• _YOUR INSTRUCTIONS_
Set the data down exactly as it stands, and keep its pictures out.

• _INFORMATION PROVIDED_
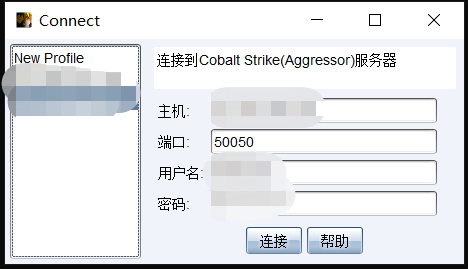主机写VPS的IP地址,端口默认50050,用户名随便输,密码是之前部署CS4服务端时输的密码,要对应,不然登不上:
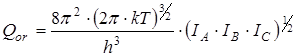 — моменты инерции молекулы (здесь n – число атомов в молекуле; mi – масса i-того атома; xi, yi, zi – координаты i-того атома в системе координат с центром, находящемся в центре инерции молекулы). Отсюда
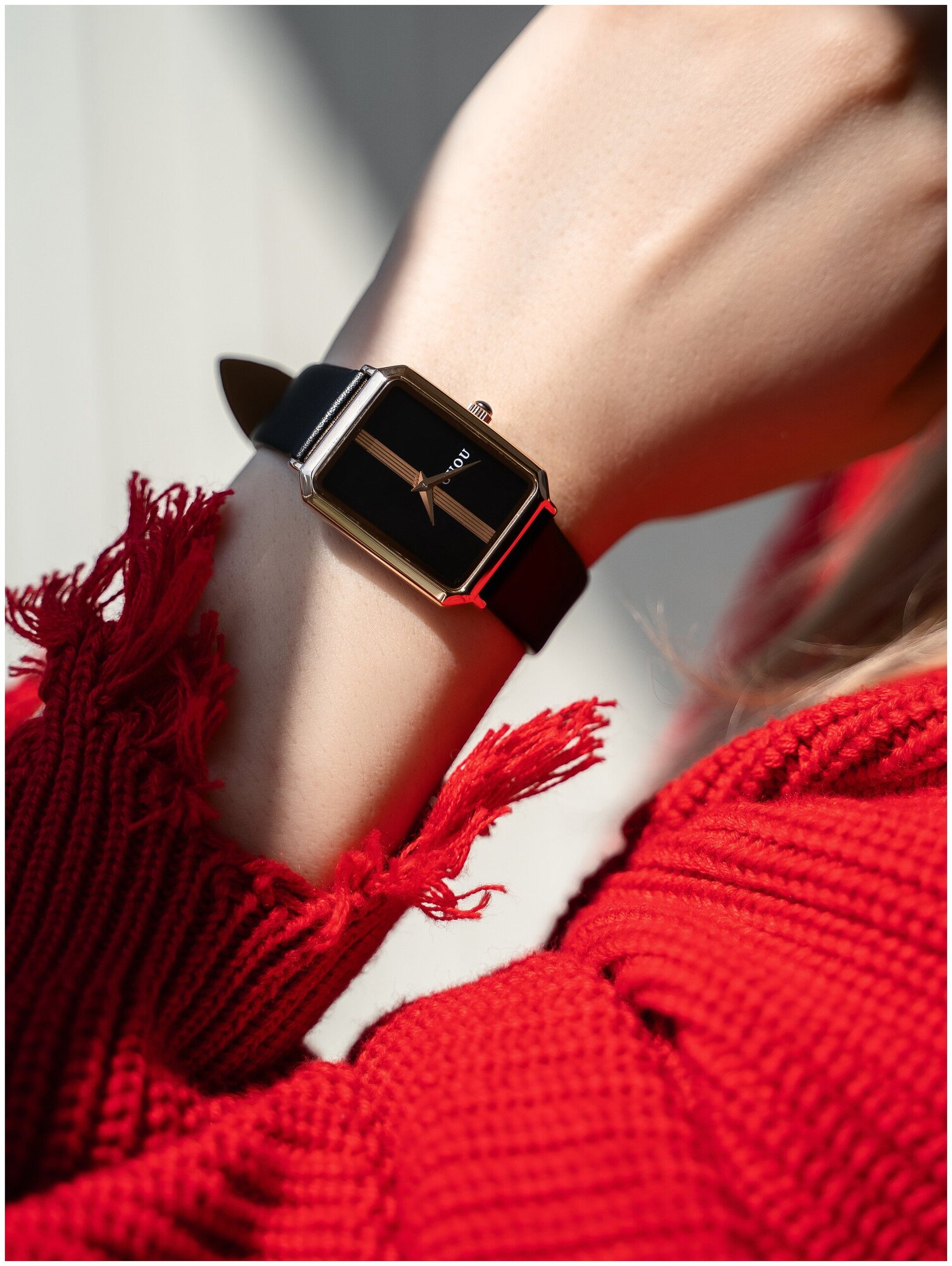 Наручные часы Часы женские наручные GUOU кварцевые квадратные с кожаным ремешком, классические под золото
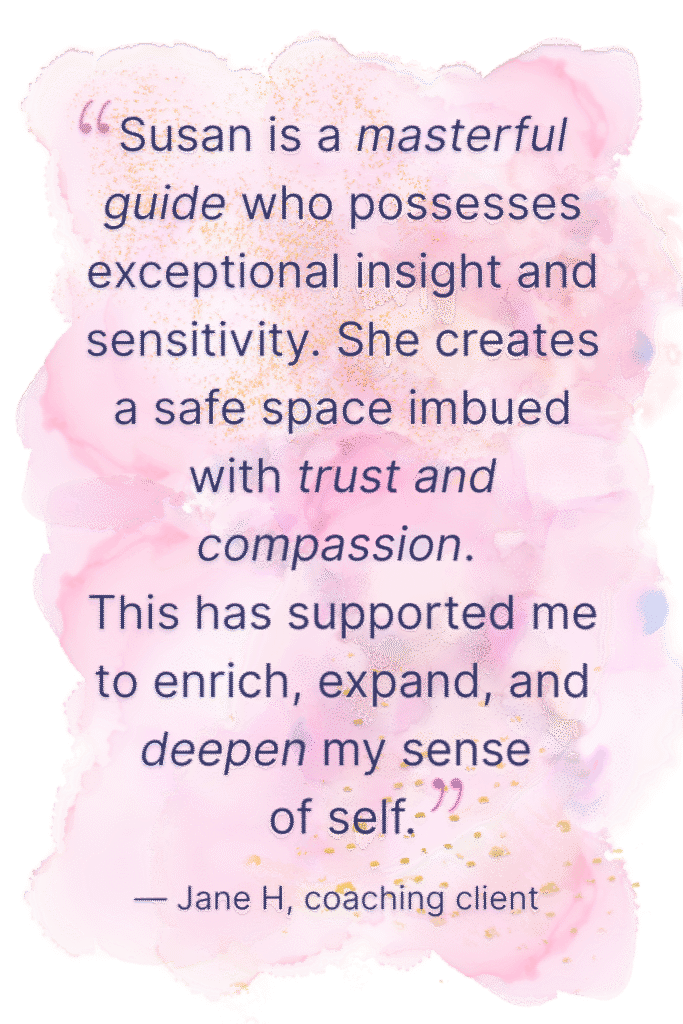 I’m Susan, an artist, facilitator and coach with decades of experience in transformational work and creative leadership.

• _WRITTEN SOLUTION_
主机写VPS的IP地址,端口默认50050,用户名随便输,密码是之前部署CS4服务端时输的密码,要对应,不然登不上:
 — моменты инерции молекулы (здесь n – число атомов в молекуле; mi – масса i-того атома; xi, yi, zi – координаты i-того атома в системе координат с центром, находящемся в центре инерции молекулы). Отсюда
 Наручные часы Часы женские наручные GUOU кварцевые квадратные с кожаным ремешком, классические под золото
 I’m Susan, an artist, facilitator and coach with decades of experience in transformational work and creative leadership.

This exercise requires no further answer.